Einen Wunschpartner wollen Sie nicht nennen?

Nein. Wir haben einen Hauptkoalitionspartner, das sind die Bürger. Aus diesem Grund gibt es keine Steuererhöhungen, deswegen halten wir die Schuldenbremse trotz aller Widerstände ein. Sonst hätte ich kein Mandat. Millionen haben uns gewählt, und zwar unter anderem wegen dieser Aussage: Ich will nicht die Steuern erhöhen, ich will die Schuldenbremse nicht aufweichen. Selbst in der CDU und CSU gibt es Stimmen, die an die Schuldenbremse ran wollen und Steuern erhöhen wollen.

Brenner-Nordzulauf – ist der ohne Steuererhöhungen und mit Schuldenbremse zu stemmen?

Absolut. Wir investieren auf Rekord-Niveau. Das größte Problem sind nicht die Finanzen, die dem Staat zur Verfügung stehen, sondern die Dauer von Planungs- und Genehmigungsverfahren. Es bleiben jedes Jahr Milliardensummen an eingeplantem Geld übrig.

Beim Brenner-Nordzulauf sind die Österreicher schon weitgehend fertig, während wir mit der Vorplanung noch nicht fertig sind.

Das ist sehr bedauerlich. Aber das ist das Planungs- und Genehmigungsrecht, das wir uns seit vielen Jahren in Deutschland leisten und das jetzt ausgerechnet eine Ampelkoalition angeht. Das muss ein Versprechen sein: Überall, auch für private Vorhaben, die bürokratischen Fesseln zu lösen.

Hier ist es schön, das haben Sie in Aschau selbst festgestellt. Erzählen Sie Ihrem Kollegen Wissing davon? Die Menschen hier vermissen den Verkehrsminister, mit Brenner-Nordzulauf und Blockabfertigung fühlen sie sich alleingelassen.

Verkehrsminister Volker Wissing tut seine Arbeit. Er ist aber zuständig für 16 Länder, und Bayern wird nicht schlechter behandelt als irgendein anderes Bundesland. Das ist die klare Zusage von Minister Volker Wissing und der Bundesregierung.

Die Abwesenheit bekannter Parteifreunde macht den Landtagswahlkampf für den bayerischen Spitzenkandidaten Martin Hagen nicht einfacher.

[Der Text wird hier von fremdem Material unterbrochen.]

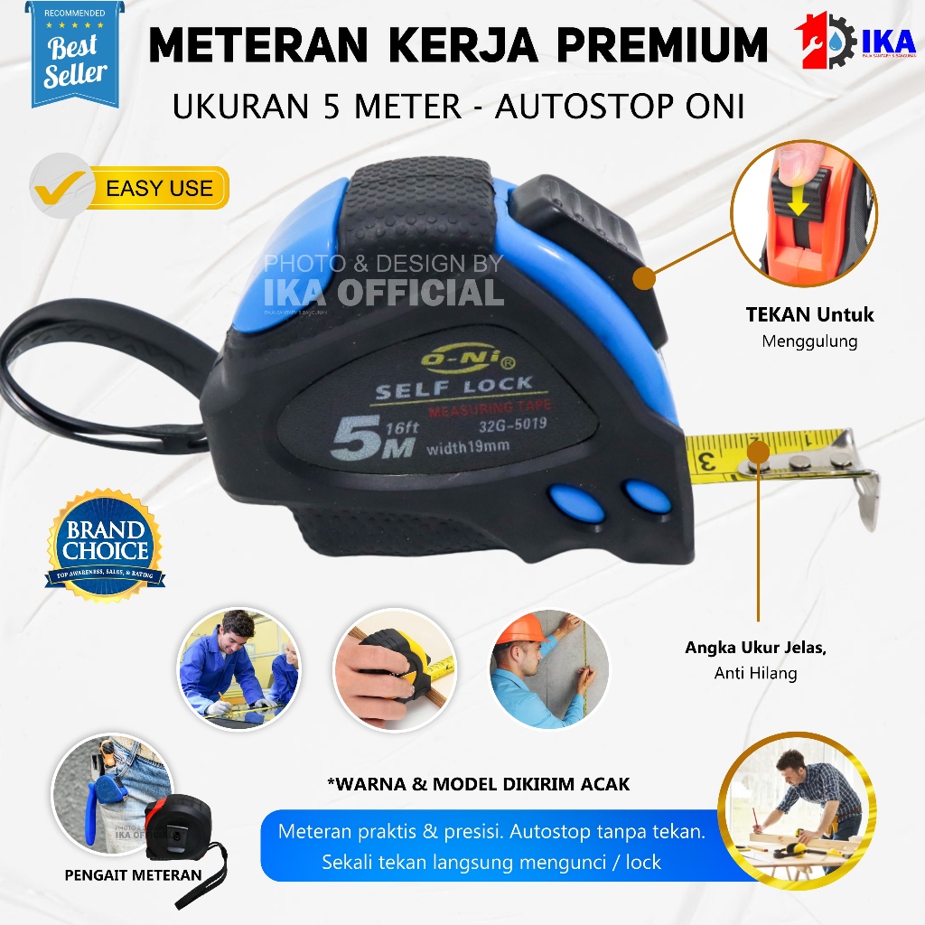 Meteran Tangan 5 Meter Meteran Karet Otomatis Self Lock 5m ONI SELFLOCK / otomatis mengunci sendiri Meteran 5 Meter Tukang Bangunan Roll / Meteran Karet / Meteran Murah 5M /Meteran 5 M Anti Slip Self Lock Dengan Pengunci Otomatis / Measure Tape
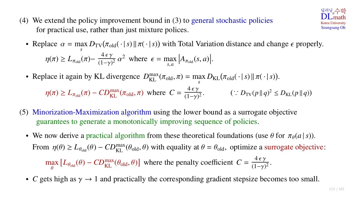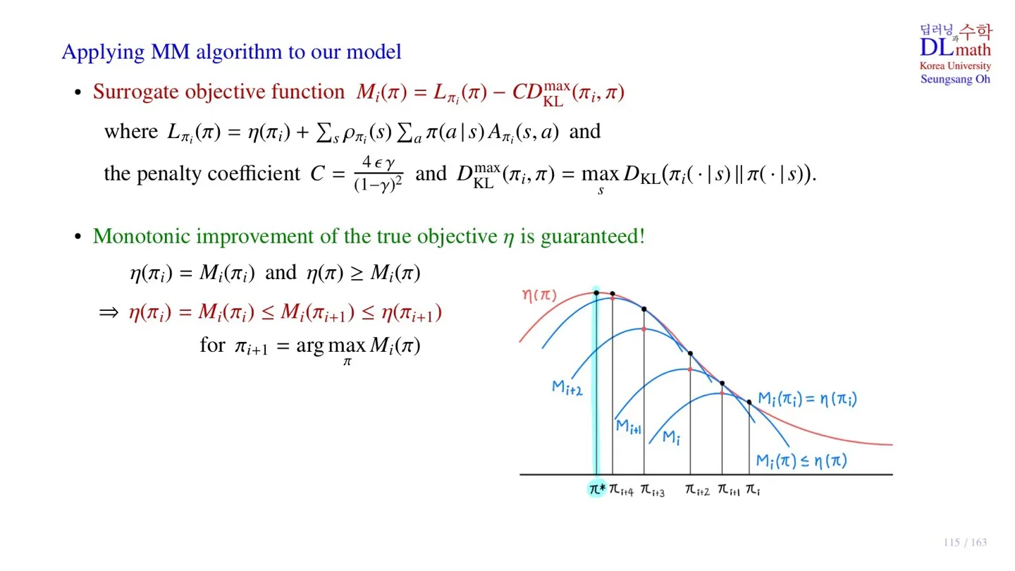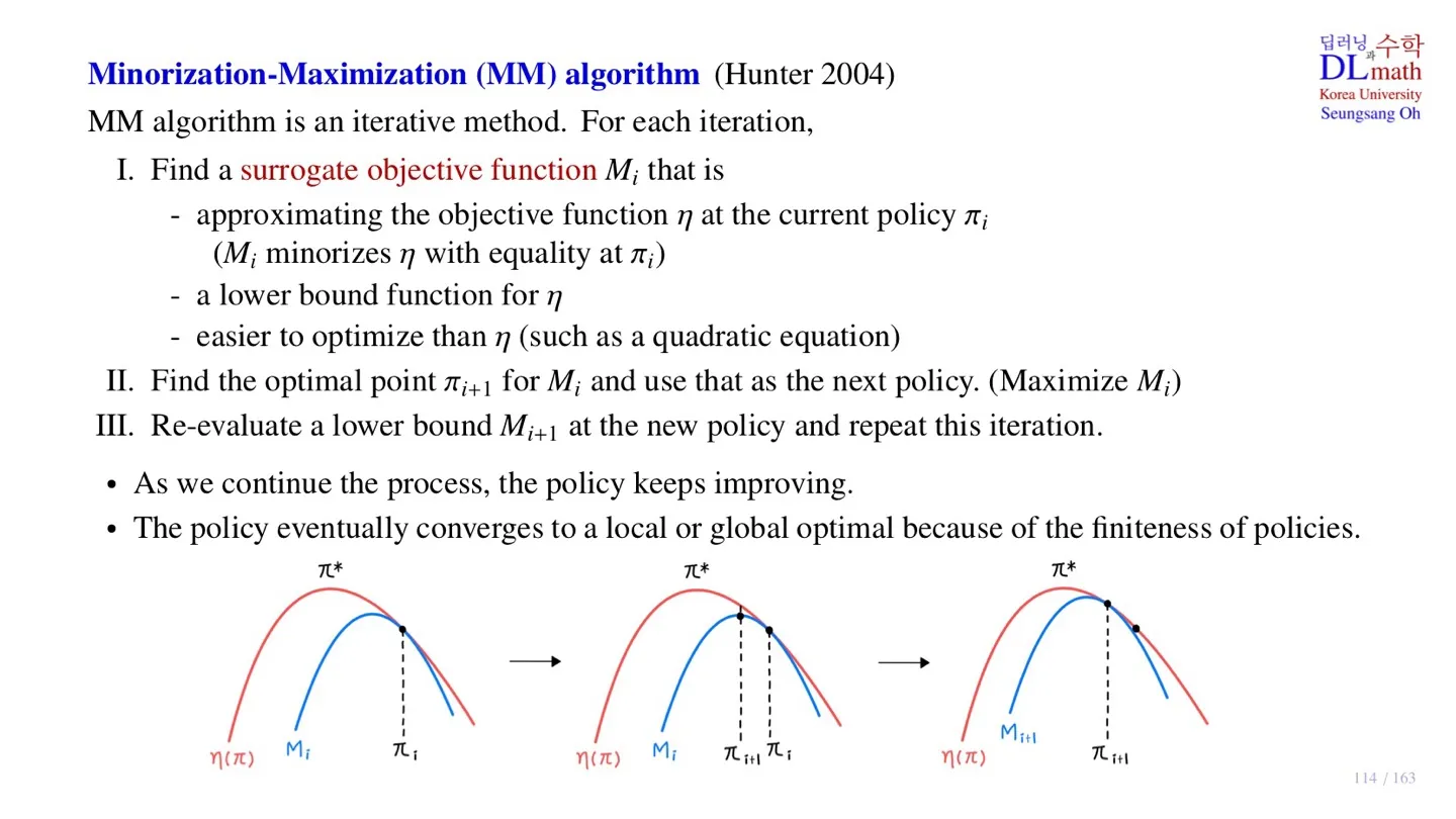 - Minorization-Maximization algorithm의 핵심은 surrogate object function을 maximize하는 policy를 찾는 것이었다.
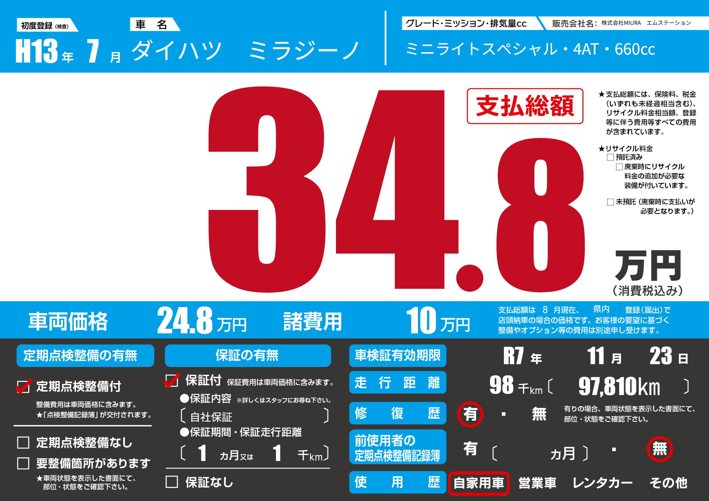 なし | 車検制限 | R7年11月23月 |
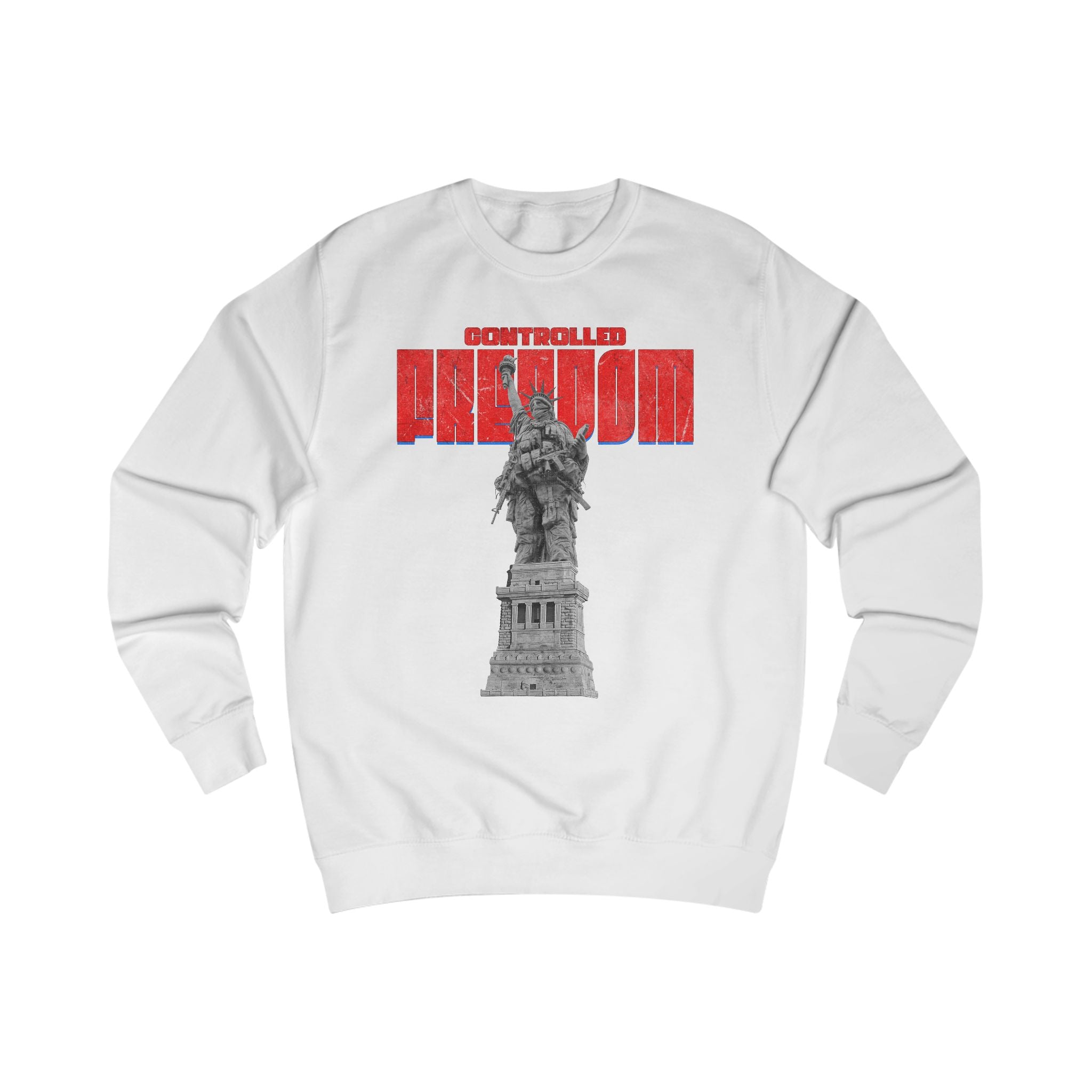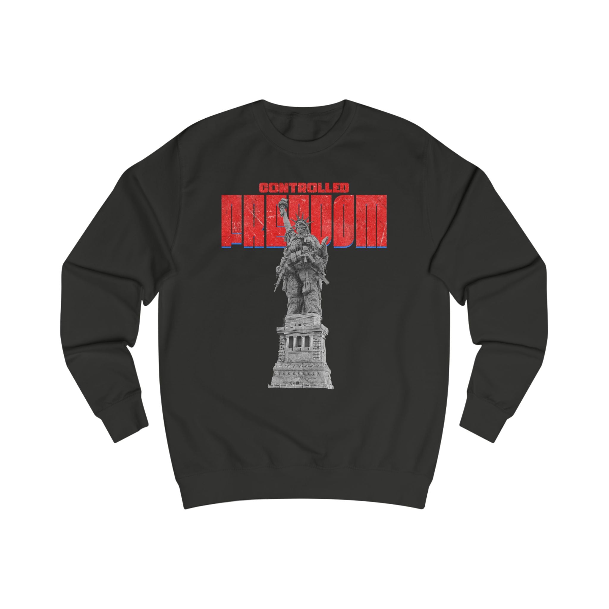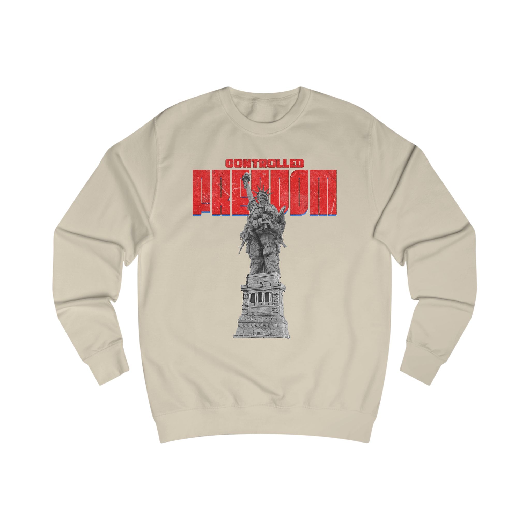 This sweatshirt carries a bold, contemplative energy — a graphic reimagining of the Statue of Liberty beneath striking red block lettering. It feels like street art turned wearable manifesto: rugged yet thoughtful, with an urban-patriotic edge. The medium-heavy fabric and structured side seams give it a substantial, lived-in drape that holds shape through repeated wear. Slip it on on chilly walks through the city, to late-night conversations on porch steps, or when you want to make a quiet statement about freedom and resilience. The understated script on the upper back adds an intimate, almost journal-like touch that reads like a personal motto rather than advertising. It’s for people who prefer meaning over slogans, who layer their outfits with intention and who appreciate tactile quality — roomy enough to move in, neat enough to layer under a jacket, and textured enough to stand out in a crowd.
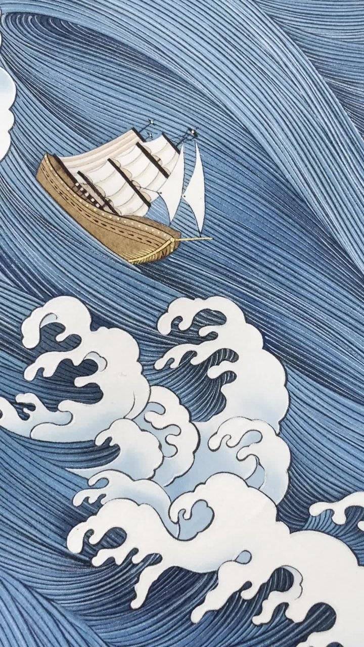 标签 国画海浪船黑色工笔
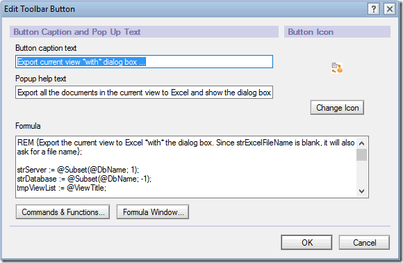 Note that we have some fields we can fill in. The first Button caption text is the text as we will see it it in the preferences dialog box etc. Since this is a buttonand not a text , we will first and foremost see only the icon in the toolbar. The Popup help text is the text that will be shown when you hover the mouse over the toolbar button later. The Formulais the actual @formula to run when the button is pressed. Finally you can change the icon.
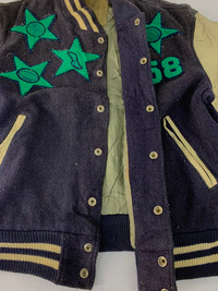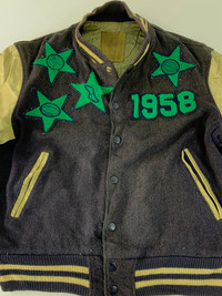 Golden Bear - 80s Rare Golden Bear 1958 Leather Sleeve Jacket Snap Button
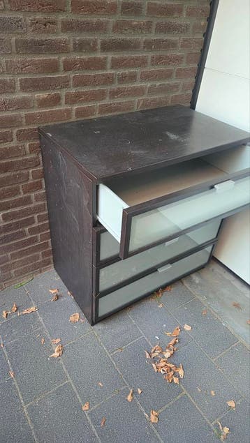 Gratis af te halen. Ladekast. Heeft altijd in garage gestaan dus er zitten een aantal vlekken op (aan bovenzijde en linkerzijde). Lades zijn schoon en werken goed.
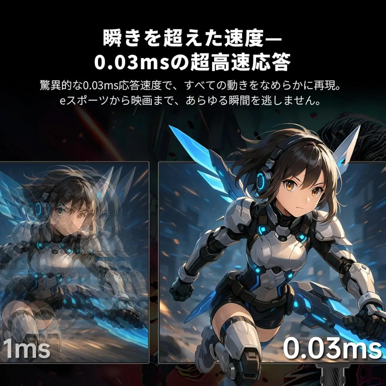 - 応答速度0.03ms(GtG)の超高速表示
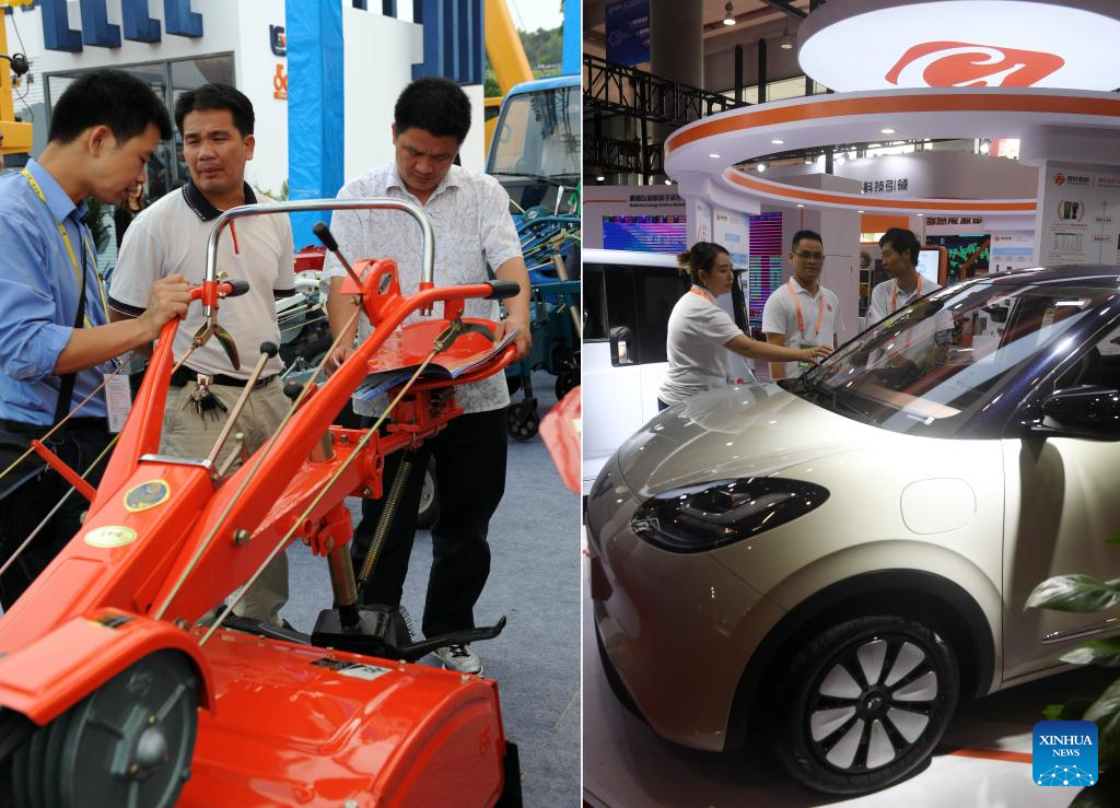 This combo photo shows people looking at a tractor at the 5th China-ASEAN Expo (L, photo taken by Xinhua photographer Liu Guangming on Oct. 25, 2008) and people looking at a car at the 20th China-ASEAN Expo (R, photo taken by Xinhua photographer Lu Boan on Sept. 18, 2023) in Nanning, south China's Guangxi Zhuang Autonomous Region. [Xinhua]

Ich bin viele Male in Bayern, und zwar sehr oft im Wahlkampf. Die bayerische FDP hat aber auch jenseits jeder Hilfe aus Berlin starke Argumente. Vor allem hat die bayerische FDP die wesentliche Charakterprobe der vergangenen Jahre bestanden. Während der Corona-Pandemie war es doch die bayerische Staatsregierung unter der Führung von Herrn Söder und Herrn Aiwanger, die in die Bürgerrechte der Menschen eingegriffen hat. Heute wissen wir, es war teilweise unverhältnismäßig. Die bayerische FDP war die demokratische Kraft im Zentrum der Demokratie, die niemals die Gefahr der Pandemie geleugnet, aber immer den Gedanken der Verhältnismäßigkeit von Einschränkungen hochgehalten hat. Als andere über Ausgangssperren nachgedacht haben und die Maskenpflicht selbst unter freiem Himmel beibehalten haben, da war die bayerische FDP Anwalt der Selbstbestimmung und Eigenverantwortung.